Table 1 shows selected corporate transactions between 2004 and 2009. Measured in terms of dollars returned for every dollar invested, the Heritage and Kosmos transactions rank in the top five with returns of $9 and $8 respectively for every $1 invested. While high, the returns have industrial precedents. It should also be remembered that when Heritage first signed its exploration agreements with Uganda in 1997 the oil price was around $19/bbl and the area was a complete frontier - considered to be very high risk and of little interest to larger companies.

A good analogy would be Cairn Energy's market valuation following its exploration success in the period 2002-2004 in Rajasthan, India. Cairn bought out Shell's interest in the frontier basin in 2002 and proceeded to make a series of discoveries reporting two billion barrels of oil in place by the end of 2004 pre-development. Cairn spent just over $300 million on exploration and the market capitalization increased by $2.7 billion: an increase of approximately $9 for every $1 invested in exploration and very similar to the returns realized by Heritage and Kosmos. Unlike Heritage and Kosmos, Cairn Energy decided to stay and develop the oil they had discovered, spending $2.5 billion through their 62%-owned listed subsidiary Cairn India. Cairn recently announced a sale of up to 80% of its equity in Cairn India to Vedanta Resources for $8.5 billion.7

The returns may seem extraordinary in retrospect, but it is rare for a small company to be instrumental in the discovery of a new billion barrel petroleum province.
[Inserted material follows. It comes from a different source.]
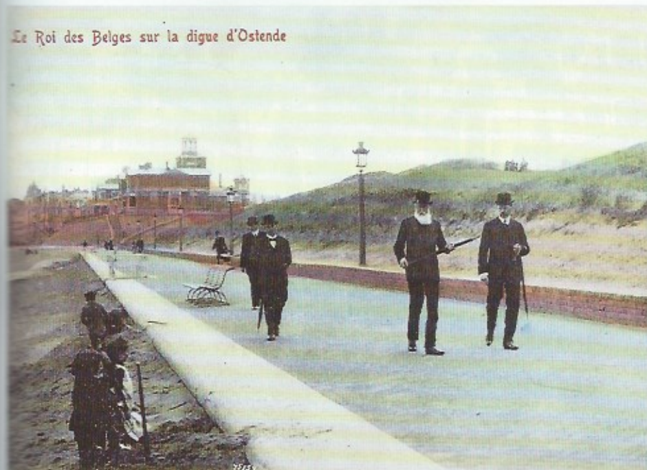
Hier Leopold II op de zeedijk omstreeks 1900. De Koninklijke Galerijen waren nog niet gebouwd zoals duidelijk blijkt uit deze prentkaart.

This is what Cairn, Kosmos and Heritage have done.

From the host country's perspective, a high sales price could be seen as a positive thing as it suggests the buyer is anticipating very significant levels of production that should lead to future taxes and royalties for years to come. Selling companies would argue that large capital gains simply indicate that they have created significant future value for the government through their activities.
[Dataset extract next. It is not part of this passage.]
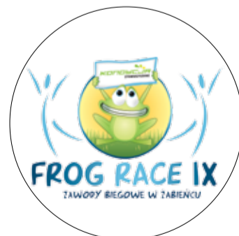
IX FROG RACE

The complications in Uganda and Ghana are that the transactions (or planned transaction, in the case of Ghana) were made before production (or even development, in Heritage's case) had commenced. Thus, the companies are realizing very large profits before the government has begun to receive taxes or royalties from the assets. This fact has highlighted the issue of capital gains taxation in the extractive sector in a way that a mid-stream sale of producing assets perhaps could not: it is hard for politicians to explain how large profits have been made on national assets without any taxes yet being paid.

While the timing of these particular transactions has created a particularly acute political issue, from a policy perspective the questions they raise about how to best tax capital gains are relevant in virtually all mineral rich countries. How do most countries tax capital gains?

Approaches to Capital Gains Tax

Gains on licence disposals are not normally relevant for the purposes of calculating royalty, production sharing or resource rent taxes. The issue is how they are dealt with for the purposes of corporate income tax (CIT). Broadly speaking, there are three possible approaches to taxing capital gains on the disposal of oil and gas assets:

  • Ignore gains on licence disposals in taxing both seller and buyer;
  • Tax gains on the seller and allow a corresponding deduction to the buyer; or
  • Tax gains on the seller but restrict deductions for the buyer.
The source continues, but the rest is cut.